Вот стал я думать: как так – суп вкусный, а не радует? То есть гурманистую часть меня он безусловно радовал, а все остальные части почему-то грустили.
Стал я дальше анализировать, всякие другие поедания супа вспоминать, сопоставлять. И понял простую вещь: угостить некого было, вот и грустно. Сына звал, звал, а он не идет, лень ему. Так бы ему налил, себе бы тоже, стали бы хлебать, а я бы вполглаза присматриваться – с удовольствием ли, мол, наворачивает. Потом через полминутки-минутку, как бы между делом, спросил бы: мол, ну как? А тот бы головой покачал размашисто да причмокнул – вот тебе и полное почти счастье! И сам знаю, что хорошо, и со стороны подтверждают! А так… не суп, а тоска сплошная.
Или вот в кафе сидим. А у стены клавесин современный стоит, и парень чего-то там на клавишах грустит. И песни вроде веселые играет, а сам грустный. Потом скрипку взял, чего-то боевое заголосил – и снова грустный. Ну подозвали мы его, разговорились. Он говорит, мол, все хорошо, там, сям был, на германских улицах играл, не один зал обошел – все любят. А в самом конце разговора возьми да и признайся: мол, ничего его коллеги консерваторские не понимают, думают, легко это – по кабакам играть. А раз, мол, легко, чего ж не играют? Одного, говорит, попросил подменить на пару дней – не выдержал, не схилял. То-то, мол. И опять пошел к стеночке ноты веселые грустно вышибать, – о коллегах размышлять, видимо.

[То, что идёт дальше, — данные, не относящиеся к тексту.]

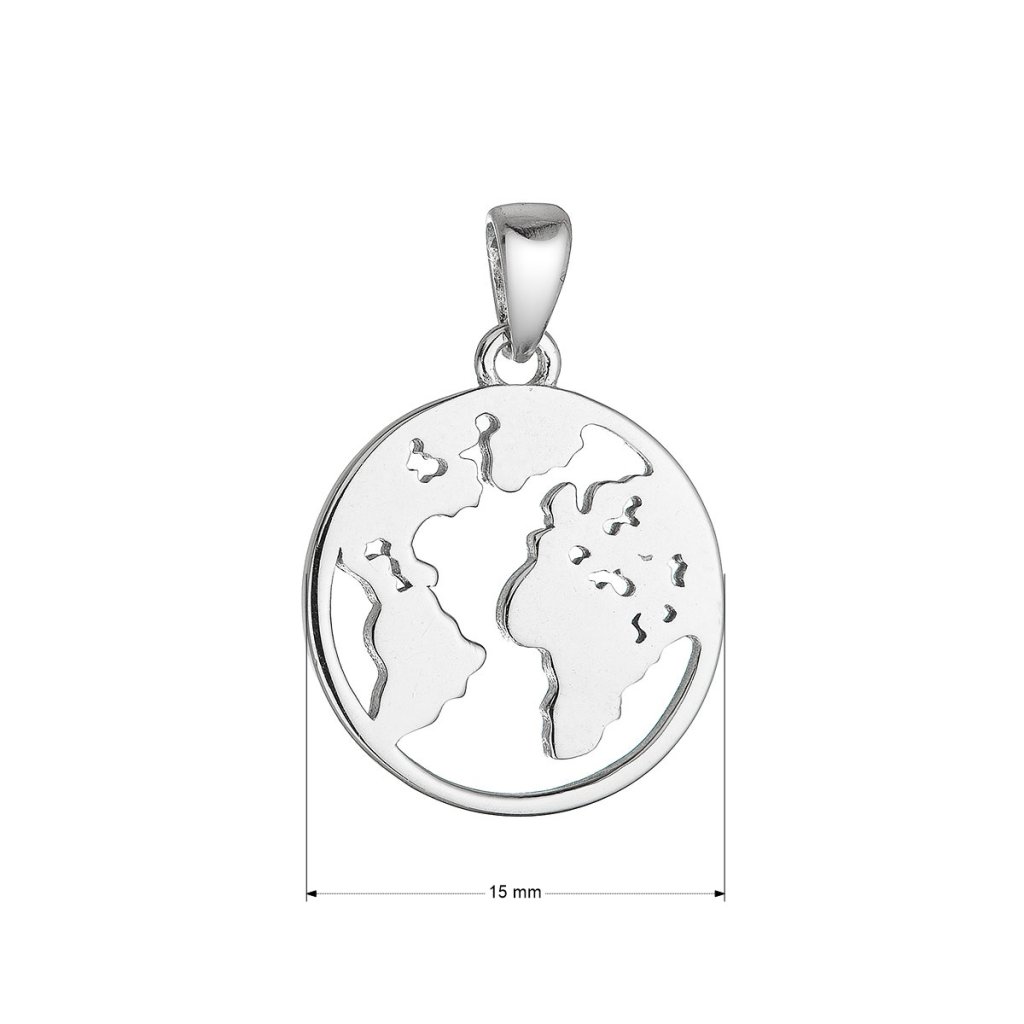 Strieborný prívesok 64064 s okrúhlym tvarom a motívom svetadielov je zaujímavým a univerzálnym módnym doplnkom pre každého.

А другой устал от того, что его полулысину на ветру шибко треплет: все, что сверху, тонким дыбом восстает, все, что по бокам, наверх беспорядочно стремится. Решил: хорош кудри беречь, пора и честь знать – налысо стричься пора. Пришел в парикмахерскую, сел в кресло. Его укутали как положено и спрашивают, как стричь. А он смотрел-смотрел на себя в зеркало, головой покачал с сожалением да и отвечает: «Нет, не готов». Встал и ушел в расстройстве. Парикмахерша, представляется, не сразу осознала связь между вопросом и ответом. Это ж надо было в самую сердцевину грусти его смотреть: был кудряв да молод, а теперь надо смириться, заматереть и обриться. Вот тебе и не готов. Грустно с молодостью-то расставаться. Он потом пришел домой и так зеркалу и сказал: «Смотрю на себя, и жаль мне…»

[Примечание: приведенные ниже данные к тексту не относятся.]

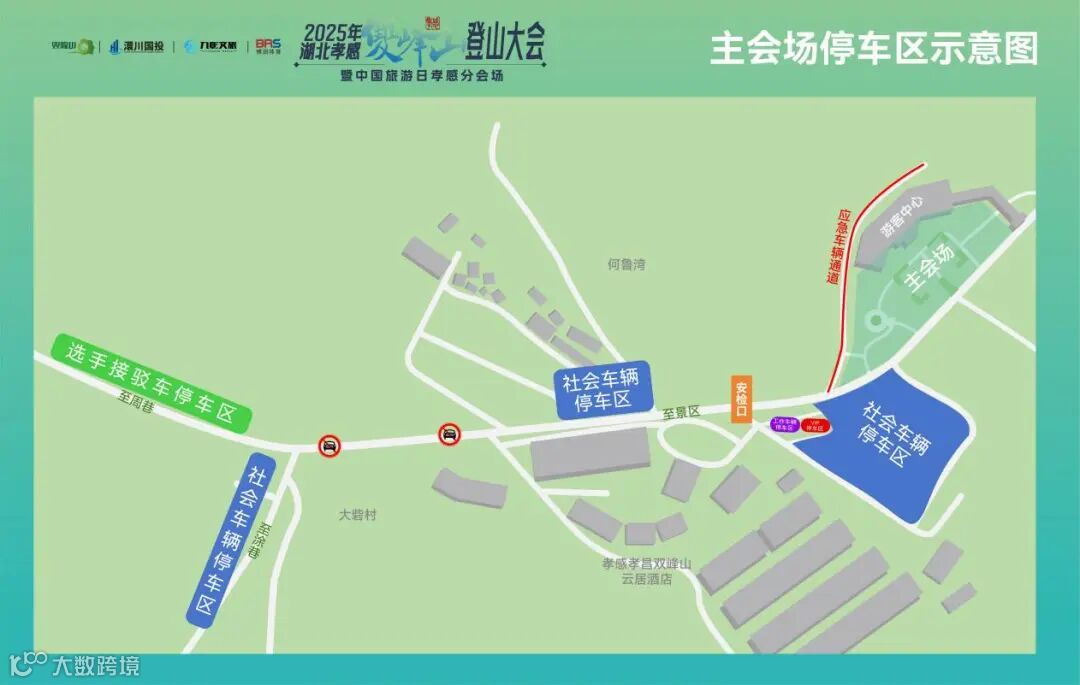由于赛事当天主会场附近道路进行交通管制,从孝感市前往双峰山推荐的行车路线:黄陂大道→桃花驿大道→王杨线→双峰山旅游区。主会场附近所有车辆只能从026县道-涂巷方向道路进入。

Да и вообще, сами же знаете, грусть по миру обширно розлита, богатыми красками играет.Вот если б вы долго в одном тут дворе просидели наблюдательно, то пронаблюдали бы такую картину. Вот выскакивает какой-то деловой парень из подъезда и вроде бы уже дальше по маршруту кинулся бежать, и ногами уже размеренно засучил, но вдруг… как прилип. А на лавочке у подъезда лежит маленький такой котенок, лежит, огромное пузо выкатив, – видать, только что накормил кто-то. Лежит и спит, лапку между брусьев уронив. Вот и встал наш бизнесмен перед ним и смотрит. И то умиление сдержанное по нему растекается, то деловитость опять наскакивает: то на часы посмотрит, то на котенка, то на небо, то на окно обернется, еще раз на окно, еще раз; то глаза прищурит, то губы подожмет – опять на котенка; то глаза оба закроет, то один приоткроет, в сторону щурясь; опять на часы, с последующим досадливым подниманием головы и задерживанием дыхания. Вот вроде уже и сжался решительно, и наклоняться стал, да опять на часы глянул, с тихим рычанием в небо глаза закрыл и – зашагал решительно прочь. Метров десять прошел, стал замедляться, замедляться, остановился. Голову низко опустил, простоял с минуту, кистью слегка шевельнул, как веником, вздохнул окончательно и рванул, скрылся за поворотом. Э-хе-хе…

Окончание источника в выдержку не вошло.